# BC Experience



## justdust (Jan 27, 2009)

Just curious how many of you already have or seriously hope to go BC. It looks like a blast, but a lot to learn before heading out! Maybe you have some tips on beginner BC adventures?:thumbsup:


----------



## stoepstyle (Sep 15, 2008)

If you have a cool enough resort that has inbounds backcountryesque feel just try doing a few runs that are inbounds but only accecible by hiking. If your local mountain has lift accessed backcountry just take small trips in and maybe talk to local ski patrol for tips.


Ive done both its fun


----------



## burritosandsnow (Nov 22, 2008)

justdust said:


> Just curious how many of you already have or seriously hope to go BC. It looks like a blast, but a lot to learn before heading out! Maybe you have some tips on beginner BC adventures?:thumbsup:


of course ill preface with be sure you have all the needed gear ..shovels probes beacons first aid stuff cell phone or some gps and the one thats normally forgotten .. MAKE SURE SOMEONE AT HOME KNOWS WHERE YOU ARE GOING, WHEN YOU ARE GOING, WHO YOU ARE WITH, AND WHEN YOU WILL BE BACK AND EVEN IF ITS THE BEST DAY EVER BE BACK AT THAT TIME

never go "exploring" even in a group.. at least one person in your group should be very knowledgeable about the bc you are heading into and it def varies from mtn to mtn. personally i feel comfortable going bc at brighton and the canyons simply because i know those areas best and know how current daily conditions will effect the avvy conditions of the last few days. i know what slopes get sun when which wind load under what conditions. If i went bc somewhere else id want someone leading me that had that same amount of knowledge about that area. 
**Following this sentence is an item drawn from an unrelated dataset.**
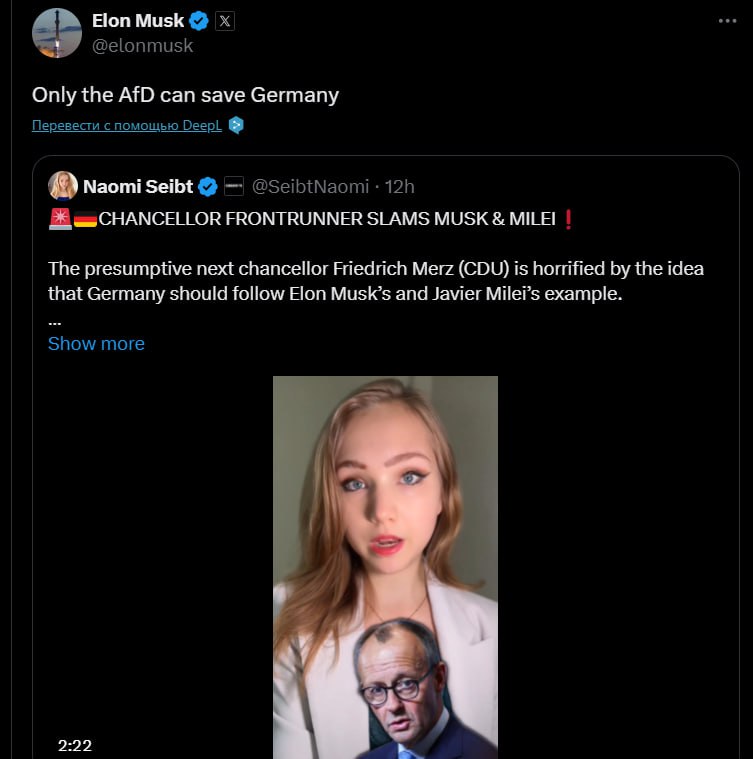 : Маск поддержал немецких оппозиционеров перед предстоящими выборами в парламент

of course all thats just local.. i really would like to one day hit something in alaska or south america with a good guide..


----------



## killclimbz (Aug 10, 2007)

I've got about 40 days in the backcountry this season alone. Hundreds over the last six years. It's where I prefer to ride. Resorts are such a junk show, that the only reason I go to one is typically to access the slackcountry or ride with my lady. Otherwise I'll hit the bc. 
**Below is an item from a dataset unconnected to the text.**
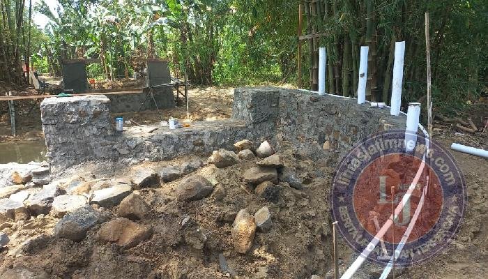 Struktur dinding penahan mulai terbentuk dengan susunan batu yang diperkuat adukan semen, menandakan konstruksi berjalan sesuai rencana. Selain itu, pemasangan pipa pendukung di sisi bangunan juga mulai dilakukan sebagai bagian dari sistem pendukung jembatan. Tahapan ini sangat penting guna memastikan jembatan memiliki daya tahan yang kuat dan mampu digunakan dalam jangka panjang.

Backcountry varies by region. Out on the east coast, most people that go out in the backcountry don't carry beacons, shovels, probes, etc, and for most areas they don't really need them. Emergency provisions, first aid, sure, but avalanches are not really a problem. That changes in a few spots, such as Mt Washington, the 'dacks, and the Chic Chocs. There is serious avalanche danger at those spots and you should have gear and knowledge. I'm sure there are some other ranges that have dangers out there, I am just not familar with them. 

Burrito is pretty spot on. You need to have a partner. It helps to find someone that is experienced and will take you under their wing. Lack of that, find a reliable partner, read a book, go take a level I course. Then you can put that knowledge to practice, the more effort you put into your education the more you will get out of it. You also have to be willing to go out some where and turn around and leave. I've had around 6 missions, where I hiked for miles to get to an area, only to walk away because of the red flags we were getting. Sucks to put all that sweat and effort only to get skunked. Better to live to ride another day. 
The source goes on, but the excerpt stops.